* Exercise requirements
Please, from the entries below, transcribe exactly the lines that begin at the line with "コードレス 家庭用高圧洗浄機 ポータブル高圧洗浄・・・" and end at the line with "切开对应的水果,果汁会为对应", without the pictures.

* Provided information
=== Begin Enclosure ===

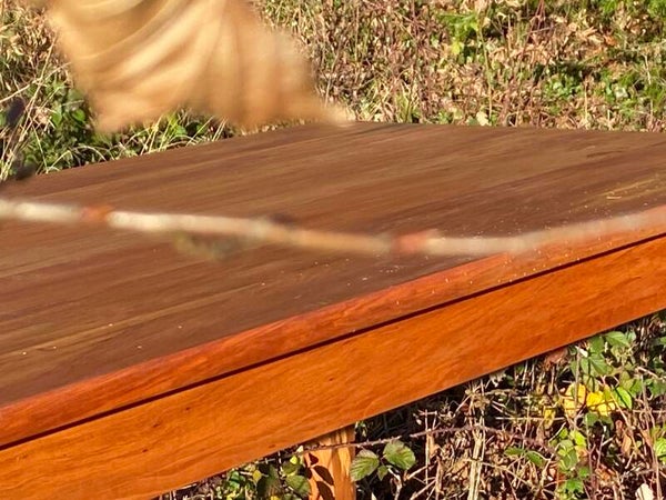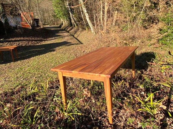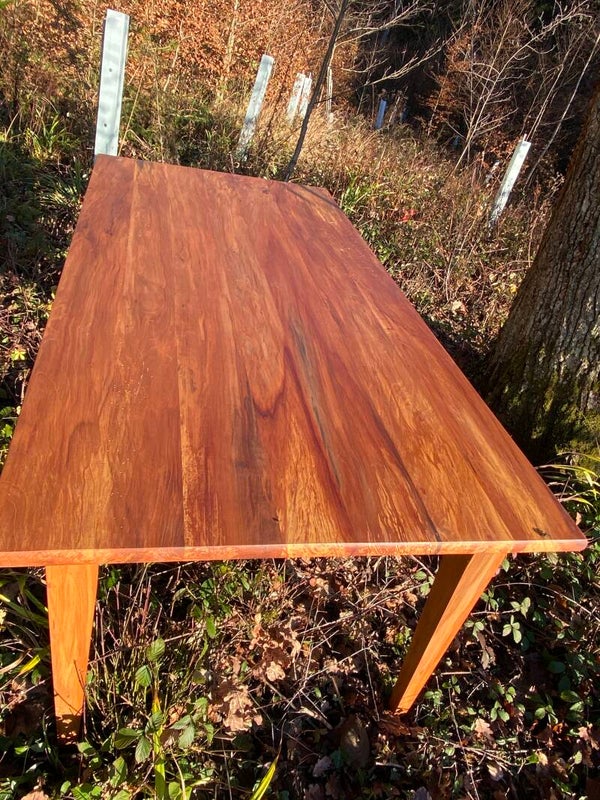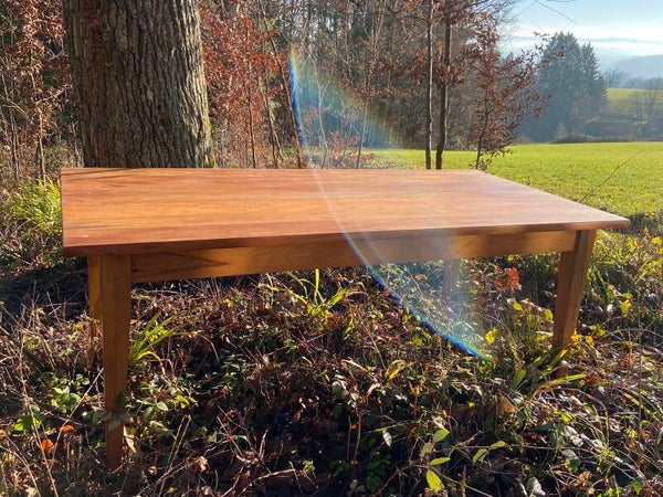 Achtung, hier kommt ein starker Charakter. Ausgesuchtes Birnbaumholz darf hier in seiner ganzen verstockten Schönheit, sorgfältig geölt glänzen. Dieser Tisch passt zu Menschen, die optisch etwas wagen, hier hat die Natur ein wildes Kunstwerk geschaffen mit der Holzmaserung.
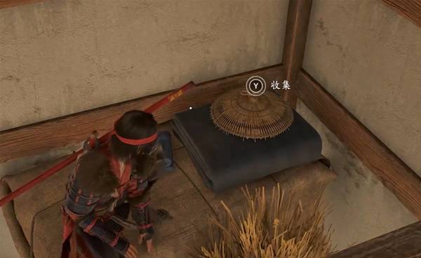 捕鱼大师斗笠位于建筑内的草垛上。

=== End Enclosure ===
=== Begin Enclosure ===

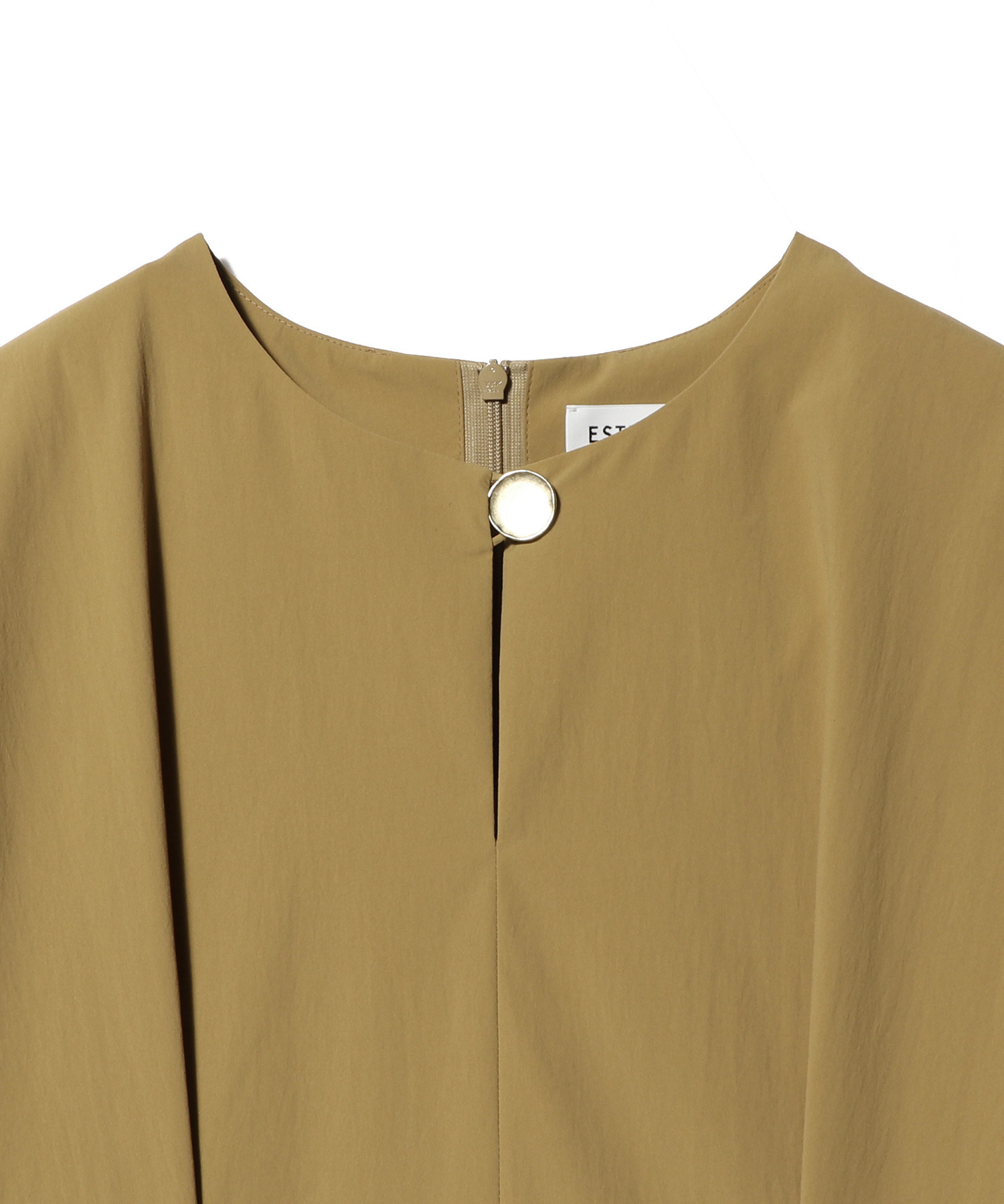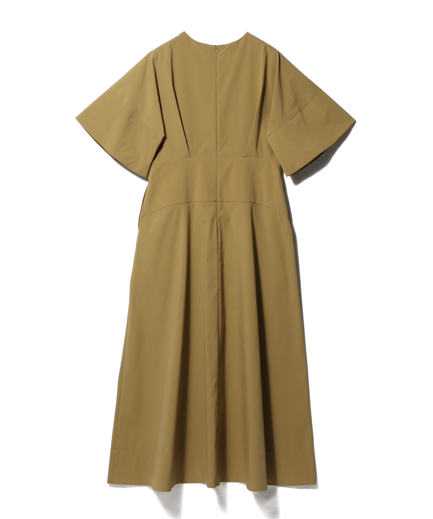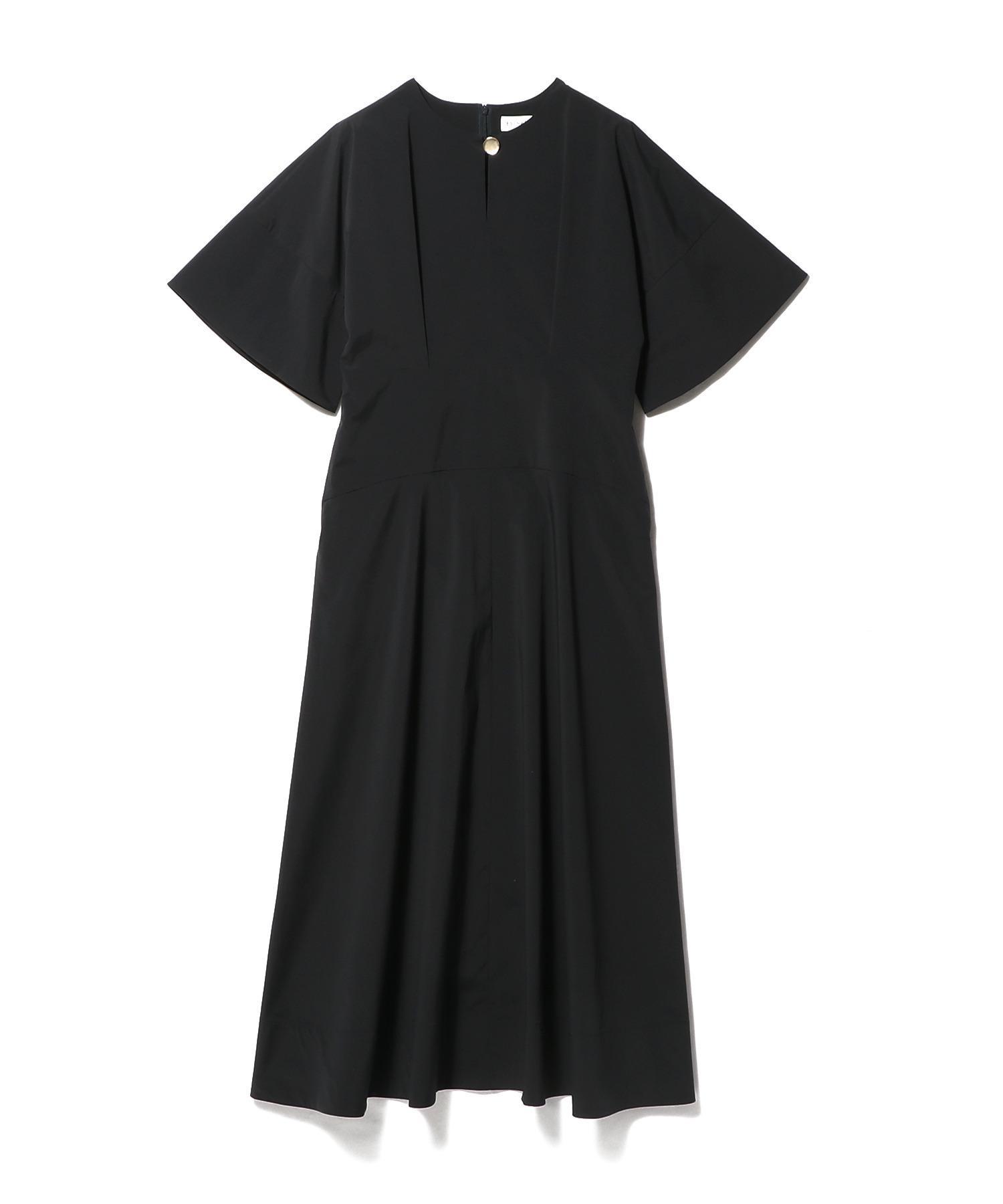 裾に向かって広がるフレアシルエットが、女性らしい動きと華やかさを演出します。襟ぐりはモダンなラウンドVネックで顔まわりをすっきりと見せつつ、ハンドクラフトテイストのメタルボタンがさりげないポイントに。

=== End Enclosure ===
=== Begin Enclosure ===

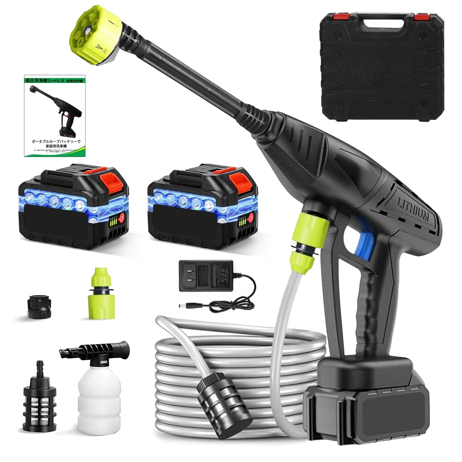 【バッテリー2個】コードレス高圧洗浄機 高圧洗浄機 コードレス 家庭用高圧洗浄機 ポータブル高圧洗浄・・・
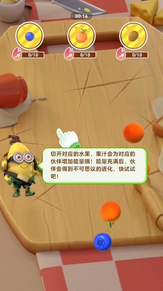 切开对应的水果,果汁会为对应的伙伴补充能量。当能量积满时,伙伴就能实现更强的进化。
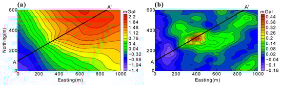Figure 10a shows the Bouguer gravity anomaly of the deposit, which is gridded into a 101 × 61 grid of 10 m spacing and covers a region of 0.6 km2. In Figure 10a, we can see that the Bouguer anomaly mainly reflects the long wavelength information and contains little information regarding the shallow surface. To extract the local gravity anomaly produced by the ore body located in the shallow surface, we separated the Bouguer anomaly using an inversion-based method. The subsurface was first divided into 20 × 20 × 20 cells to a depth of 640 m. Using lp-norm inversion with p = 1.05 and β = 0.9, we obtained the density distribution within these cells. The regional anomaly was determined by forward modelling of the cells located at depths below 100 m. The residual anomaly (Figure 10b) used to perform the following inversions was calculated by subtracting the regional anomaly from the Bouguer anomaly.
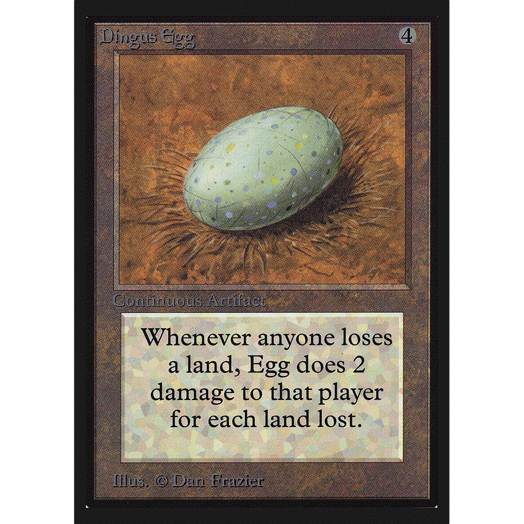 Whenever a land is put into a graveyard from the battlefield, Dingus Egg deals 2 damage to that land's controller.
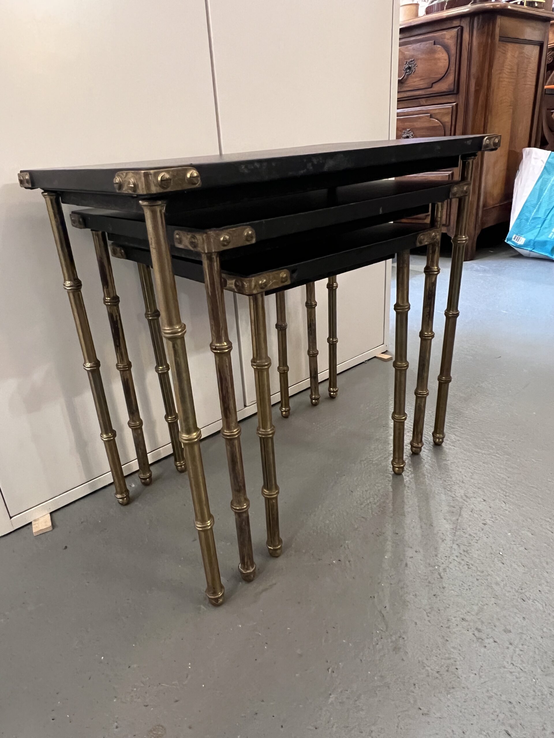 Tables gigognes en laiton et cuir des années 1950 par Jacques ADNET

=== End Enclosure ===

* Response to the task
 【バッテリー2個】コードレス高圧洗浄機 高圧洗浄機 コードレス 家庭用高圧洗浄機 ポータブル高圧洗浄・・・
 切开对应的水果,果汁会为对应的伙伴补充能量。当能量积满时,伙伴就能实现更强的进化。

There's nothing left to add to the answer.